Террористы и охранка - [23]
Отчеты заседания этого единственного в своем роде судилища никогда не появились. Не было также составлено официального протокола происходивших прений. Все письменные материалы сводятся к коротенькой «записке» первого заседания, содержащей сухое перечисление условий и порядка дискуссий, обсуждения и указания обстоятельств, принятых обеими сторонами.
Бурцев сам описал нам в дружеской беседе перипетии этого замечательного революционного процесса.
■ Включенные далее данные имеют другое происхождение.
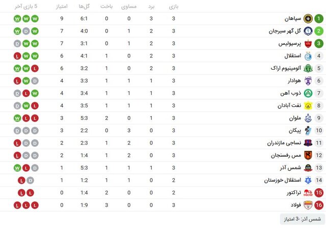 جدول لیگ برتر تا پایان هفته سوم به صورت زیر است:
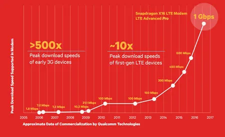 Trong các phần trình diễn, Qualcomm Technologies sẽ minh họa các tốc độ Gigabit Class LTE với modem Snapdragon X16 LTE ra mắt gần đây. Gigabit Class LTE đánh dấu một cột mốc quan trọng trong ngành công nghiệp di động, đem đến tốc độ download nhanh hơn đến 10 lần so với các thiết bị LTE thế hệ đầu và gấp 500 lần so với các thiết bị 3G trước đây. Hợp tác với Ericsson và Ericssion Networks Software 16B, phần trình diễn sẽ cho thấy cách để đạt tốc độ download lên đến 1 Gbps b sử dụng kết hợp sóng mang 3x, 4x4 MIMO trên hai sóng mang, và điều biến cao hơn dùng 256-QAM.
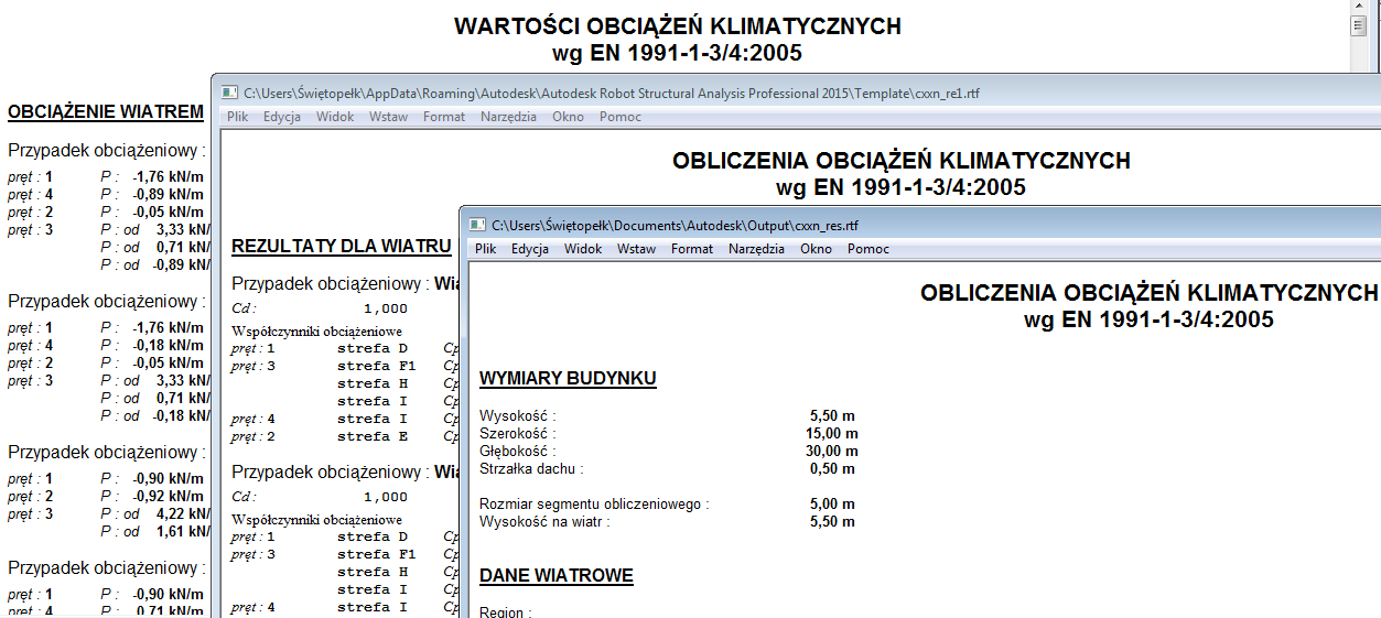 Otworzą się trzy okna zawierające różne notki obliczeniowe dla Obciążeń wiatrem, Wyników dla wiatru oraz Wymiarów konstrukcji i Dane wiatrowe, jak przedstawiono w części poniżej. Notki obliczeniowe umożliwiają sprawdzenie wszystkich parametrów obciążeń, które zostały wygenerowane.
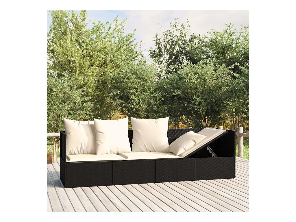 Canapé de jardin avec coussins Noir Résine tressée PEWV70582
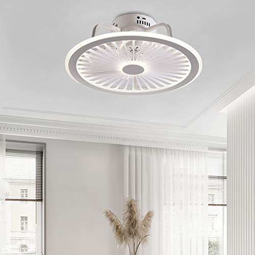 Fetcoi Ventilatore da soffitto a LED rotondo in acrilico, 50 x 18 cm, con illuminazione, moderno, dimmerabile, ultra sottile, silenzioso, semplice lampada per fan
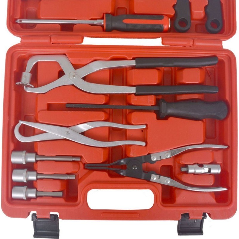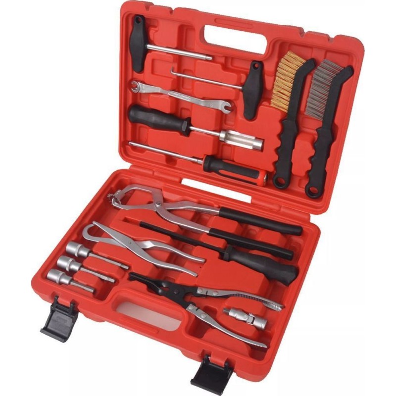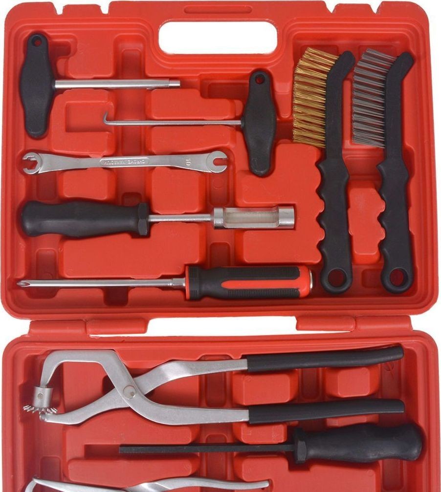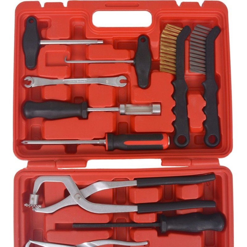Das 15-teilige Werkzeugset für die Reparatur und Montage von Bremsen enthält alles, was Sie für die einfache und effiziente Arbeit an Trommel- und Scheibenbremsen benötigen.
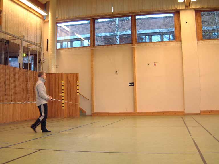 Christer drog vidare och flög sin Micro Copter inomhus
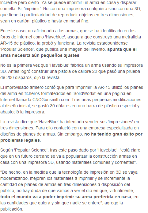 Tengo un enlace por ahí de un tío que se imprimió una pistola calibre 22 y disparaba de verdad.
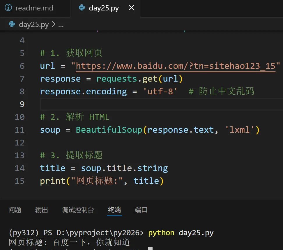 🔹 示例:提取网页标题
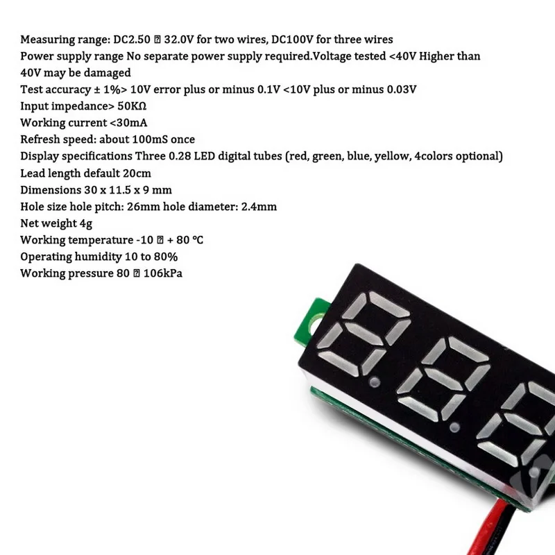 <Спецификация: Этот мини-цифровой вольтметр представляет собой 2-проводной измеритель напряжения постоянного тока 2,4-30 в.
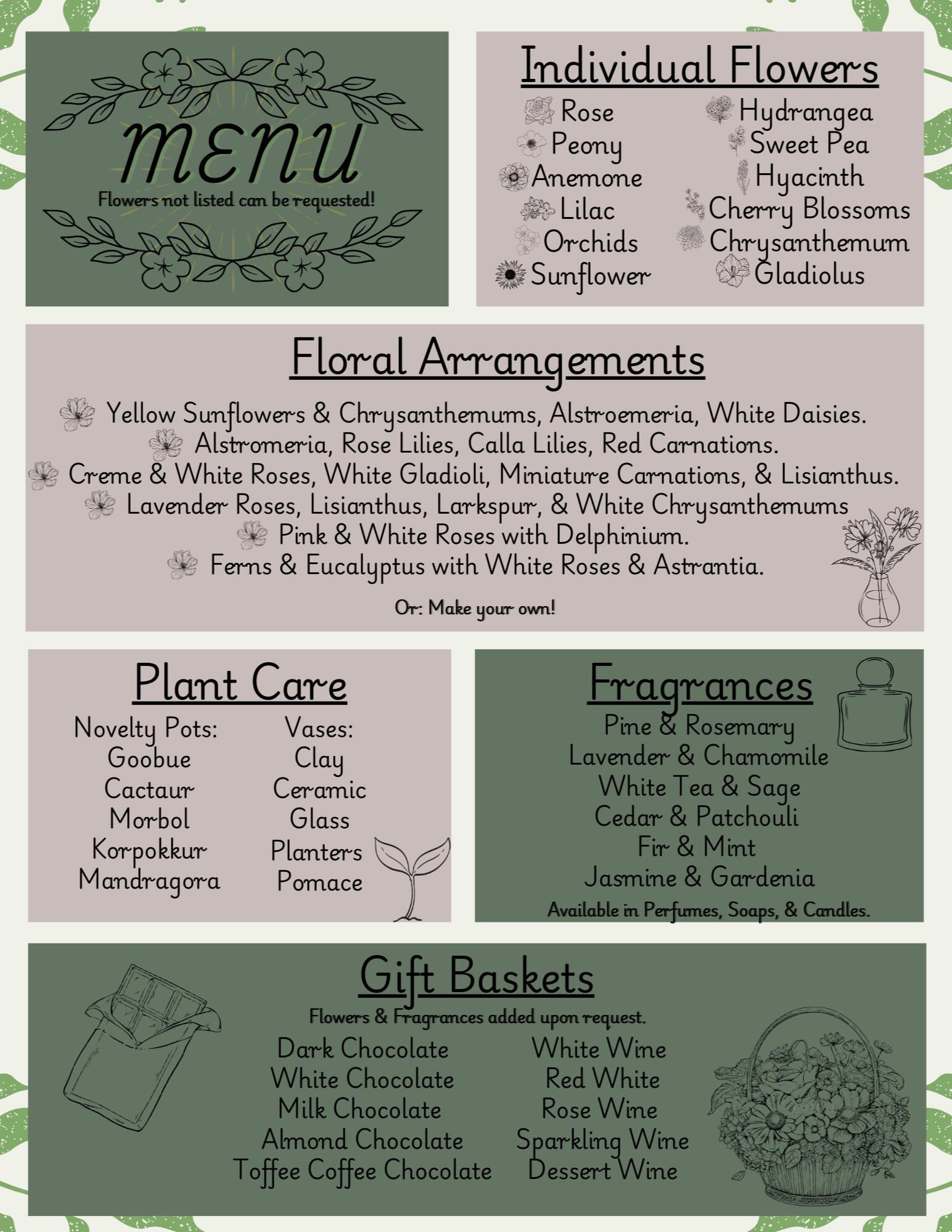 Floramour is a shop who's main focus is to provide a place for people to find gifts and the like for those they hold dear, or for anyone who simply holds a love for the floral aspect of life. Soleil will do her best to provide for her customer's botanical needs.
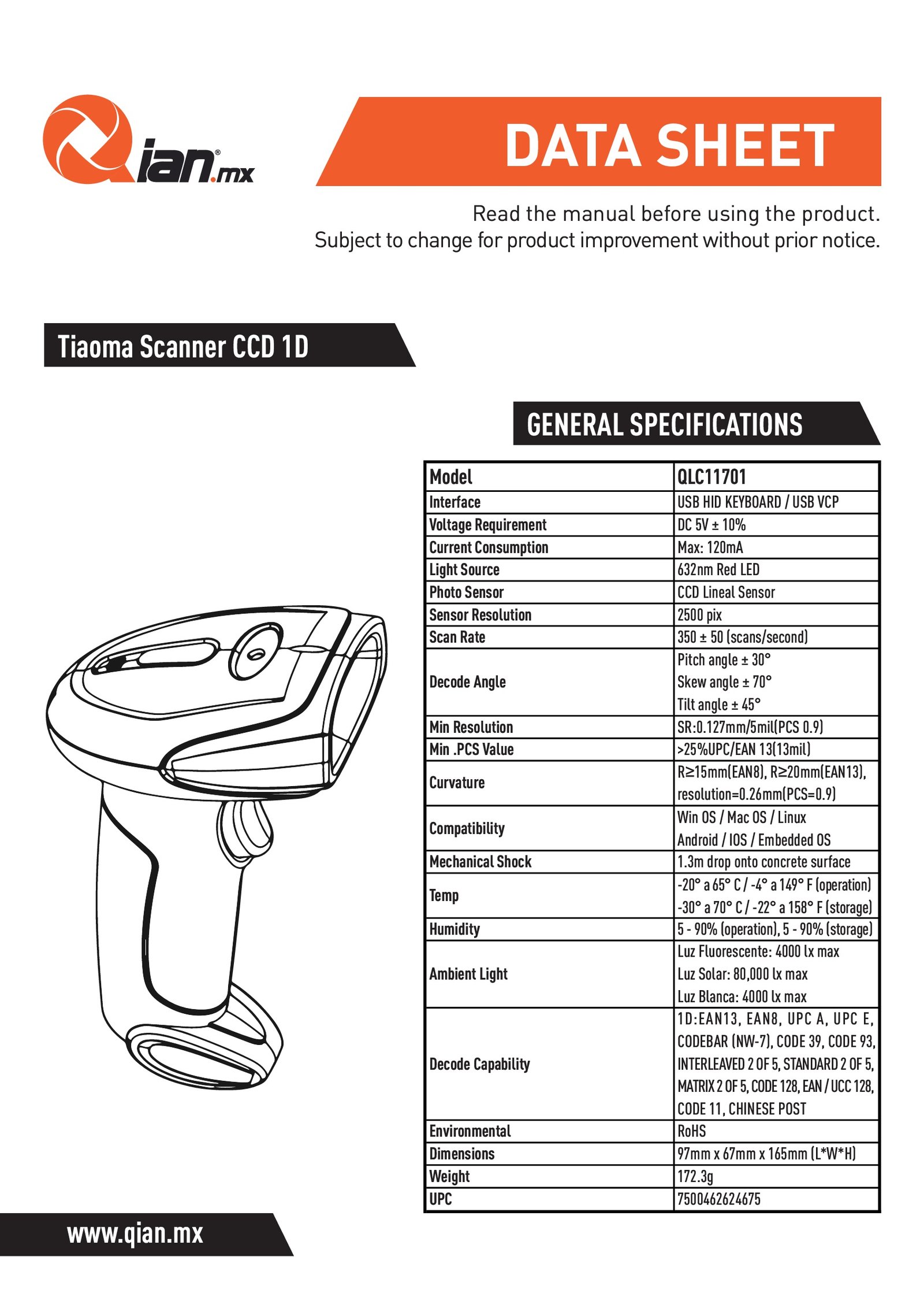 Lector de Código de barras QIAN Tiaoma QLC11701 /350 / 50 escaneos
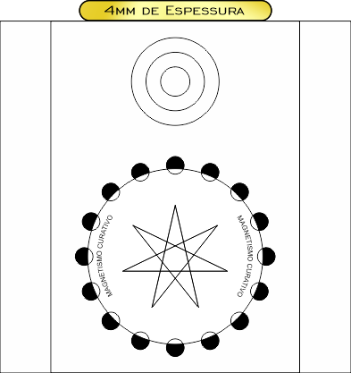 Descrição: Gráfico de proteção psíquica considerado o primeiro modelo anti-magia desenvolvido dentro da radiestesia moderna. Atua estimulando os mecanismos inconscientes de autodefesa energética, bloqueando interferências e ataques psíquicos ritualísticos. Possui um norte de forma artificial representado pelo círculo vazio, o que potencializa sua ação protetora.

Не вдаваясь во все многосложные подробности прений, мы здесь ограничиваемся общей яркой картиной.
«Мое положение в начале прений было очень тяжелое, — рассказывал нам Бурцев. — Находившиеся предо мною судьи и „товарищи-обвинители“ не допускали даже возможности ошибки с их стороны. Мне позволили предлагать какие мне заблагорассудится вопросы о делах и тайнах партий, но потребовали, чтоб я в свою очередь рассказал все мельчайшие подробности своей личной интимной жизни и сообщил о тех средствах, при помощи которых мне удалось добыть свои сведения.
Большинство судей было, несомненно, настроено в пользу Азефа. Я был окружен каким-то враждебным кольцом. Мои друзья с тревогой следили за ходом процесса и дрожали за мою судьбу.
На первом заседании было решено, что до тех пор, пока будут длиться прения, обе стороны обязаны воздержаться от всяких публичных выступлений или заявлений. Но, не будучи уверенным в благоприятном исходе процесса, я сохранил за собою право, в случае если мои противники не убедят меня в невиновности Азефа, продолжать открыто свои разоблачения и довести их до конца. Я слишком был проникнут огромным политическим значением раскрытия азефского предательства, чтоб остановиться на полдороге.
На следующем заседании Виктор Чернов произнес большую речь, в которой описал плодотворную деятельность Азефа и перечислял все полицейские ловушки и махинации, при помощи которых „правительство уже не раз пыталось дискредитировать его в глазах революционеров“. Он подробно остановился на анализе „пресловутого“ письма „дамы под вуалью“, полученного в августе 1905 г. и способствовавшего установлению измены Татарова. С большой силой и горячностью он доказывал, что это письмо не только не составляло „улики“ против Азефа, но, наоборот, показывало, свидетельствовало о том, как полиция настойчиво стремилась скомпрометировать и погубить его.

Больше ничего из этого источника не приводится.